This connects to Gemini, sends a text message, prints the streamed response, and waits for the session to end. For audio, replace send_text() with send_audio() and add an on_audio callback.

The Live Builder

Live::builder() returns a chainable builder that configures the entire session. Here is the full chain with all major options:

let handle = Live::builder()
    // Model and voice
    .model(GeminiModel::Gemini2_5FlashNativeAudio)
    .voice(Voice::Kore)
    .temperature(0.7)
    .instruction("You are a restaurant order assistant.")

    // Tools (auto-dispatched when model calls them)
    .tools(dispatcher)

    // Audio/transcription config
    .transcription(true, true)   // input, output
    .affective_dialog(true)      // emotionally expressive responses

    // Server-side VAD
    .vad(AutomaticActivityDetection::default())

    // Session lifecycle
    .session_resume(true)
    .context_compression(4000, 2000)  // trigger_tokens, target_tokens

    // Greeting (model speaks first)
    .greeting("Greet the customer and ask what they'd like to order.")

    // Fast-lane callbacks (sync, <1ms)
    .on_audio(|data| { /* forward to speaker */ })
    .on_text(|t| print!("{t}"))
    .on_input_transcript(|text, _is_final| { /* display what user said */ })
    .on_output_transcript(|text, _is_final| { /* display what model said */ })
    .on_vad_start(|| { /* user started speaking */ })
    .on_vad_end(|| { /* user stopped speaking */ })

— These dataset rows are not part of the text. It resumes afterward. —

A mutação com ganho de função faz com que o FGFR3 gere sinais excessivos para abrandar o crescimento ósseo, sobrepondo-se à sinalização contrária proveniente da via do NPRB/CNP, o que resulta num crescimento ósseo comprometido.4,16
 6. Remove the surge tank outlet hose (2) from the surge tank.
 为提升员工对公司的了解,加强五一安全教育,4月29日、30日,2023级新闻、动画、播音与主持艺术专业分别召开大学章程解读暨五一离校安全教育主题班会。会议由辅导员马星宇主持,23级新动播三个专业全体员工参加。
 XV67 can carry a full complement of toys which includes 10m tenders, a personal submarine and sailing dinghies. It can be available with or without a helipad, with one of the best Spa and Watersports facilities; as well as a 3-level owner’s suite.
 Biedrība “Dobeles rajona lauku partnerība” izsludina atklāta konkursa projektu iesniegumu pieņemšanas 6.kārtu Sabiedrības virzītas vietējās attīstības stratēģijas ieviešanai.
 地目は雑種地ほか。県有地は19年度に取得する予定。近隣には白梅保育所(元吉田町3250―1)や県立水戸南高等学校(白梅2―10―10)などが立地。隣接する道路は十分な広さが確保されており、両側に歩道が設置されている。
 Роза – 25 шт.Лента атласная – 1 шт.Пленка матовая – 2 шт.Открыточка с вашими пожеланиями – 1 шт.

    // Telemetry callback (sync, telemetry lane)
    .on_usage(|usage| {
        if let Some(total) = usage.total_token_count {
            println!("Tokens: {total}");
        }
    })

    // Control-lane callbacks (async)
    .on_tool_call(|calls, state| async move { None })  // None = auto-dispatch
    .on_interrupted(|| async { /* flush playback buffer */ })
    .on_turn_complete(|| async { /* turn finished */ })
    .on_connected(|writer| async move { /* session ready */ })
    .on_disconnected(|reason| async move { /* session ended */ })
    .on_error(|msg| async move { eprintln!("Error: {msg}") })

    // Connect
    .connect_vertex("my-project", "us-central1", access_token)
    .await?;

The builder validates configuration at connect time, not at each method call. All methods are optional except the connect method.

Callbacks

Callbacks are split into two categories based on latency requirements.

Fast Lane (Sync)

These fire on the fast lane and must complete in under 1ms. They receive references (not owned values) and cannot be async.

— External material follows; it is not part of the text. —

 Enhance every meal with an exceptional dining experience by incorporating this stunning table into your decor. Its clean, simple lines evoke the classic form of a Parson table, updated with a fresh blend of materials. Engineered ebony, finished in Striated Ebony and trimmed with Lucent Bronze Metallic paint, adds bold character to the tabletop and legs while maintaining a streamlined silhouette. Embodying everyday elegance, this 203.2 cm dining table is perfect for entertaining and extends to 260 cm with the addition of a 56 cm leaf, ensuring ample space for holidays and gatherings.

// Audio: receives zero-copy Bytes (cloning bumps an Arc refcount, not data)
.on_audio(|data: &Bytes| {
    playback_tx.send(data.clone()).ok();
})

// Text: incremental deltas as the model generates
.on_text(|text: &str| {
    print!("{text}");
})

// Text complete: full text when model finishes a text response
.on_text_complete(|text: &str| {
    println!("\nComplete: {text}");
})

// Transcription: text version of audio (input or output)
// Second parameter is `is_final` (true when transcription is finalized)
.on_input_transcript(|text: &str, is_final: bool| {
    if is_final { println!("User said: {text}"); }
})

// VAD: voice activity detection events from the server
.on_vad_start(|| { /* user started talking */ })
.on_vad_end(|| { /* user stopped talking */ })

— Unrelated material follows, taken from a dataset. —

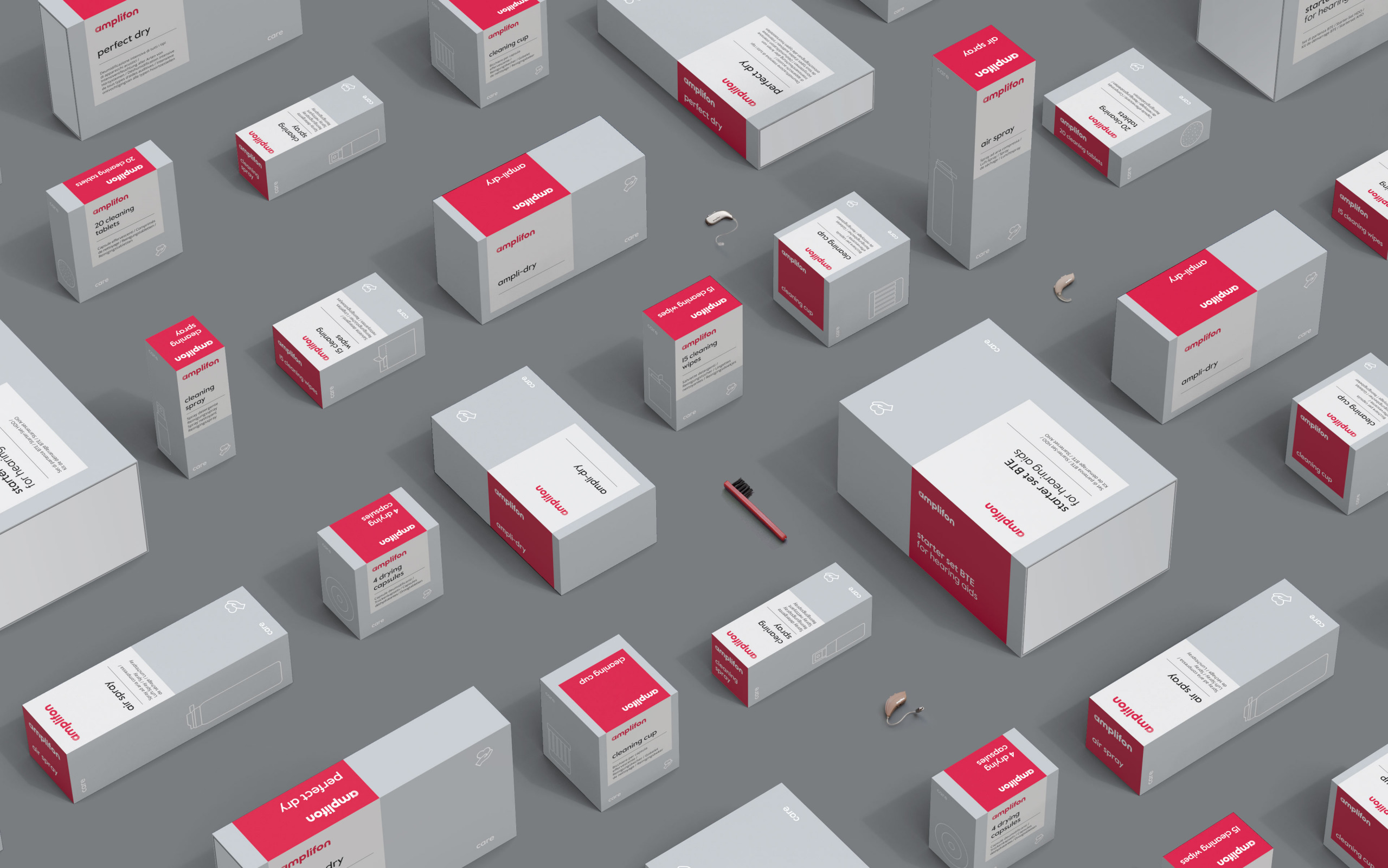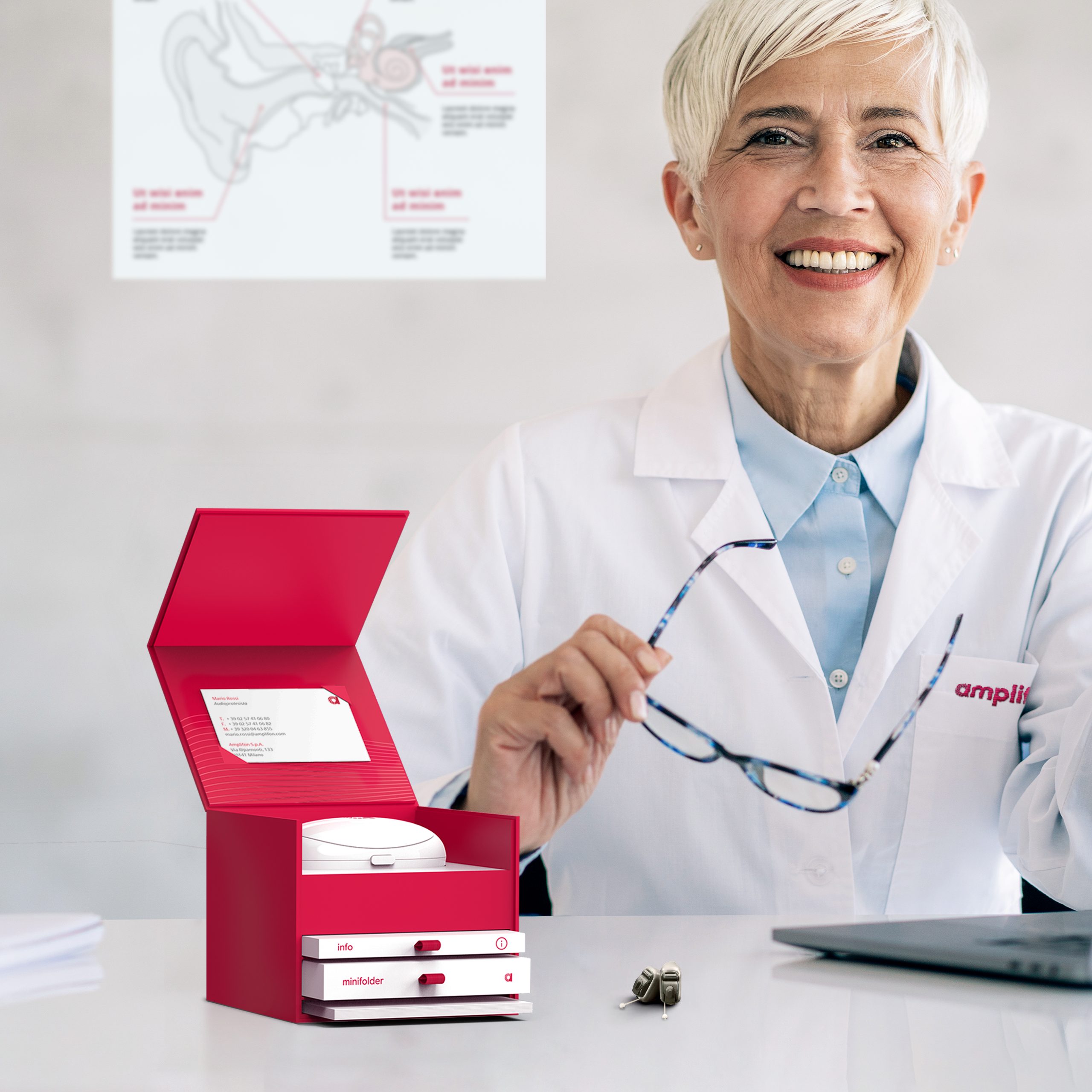 Complementing the strategic revamp – and in accordance with its guidelines – our team redesigned Amplifon’s Cube, an iconic item on the hearing aid market that perfectly expresses the brand’s values, reformulates the selling ceremony, and explores a new expanded and cohesive packaging system, which also includes new supporting items like accessories and care products.

// Usage metadata: token counts from the server (fires on telemetry lane)
.on_usage(|usage: &UsageMetadata| {
    if let Some(total) = usage.total_token_count {
        println!("Total tokens: {total}");
    }
    // Also available: prompt_token_count, response_token_count,
    // cached_content_token_count, thoughts_token_count,
    // tool_use_prompt_token_count, plus per-modality breakdowns
})

Control Lane (Async)

These fire on the control lane and can perform I/O, state access, or any async work. They block the control lane while running (other control events queue behind them).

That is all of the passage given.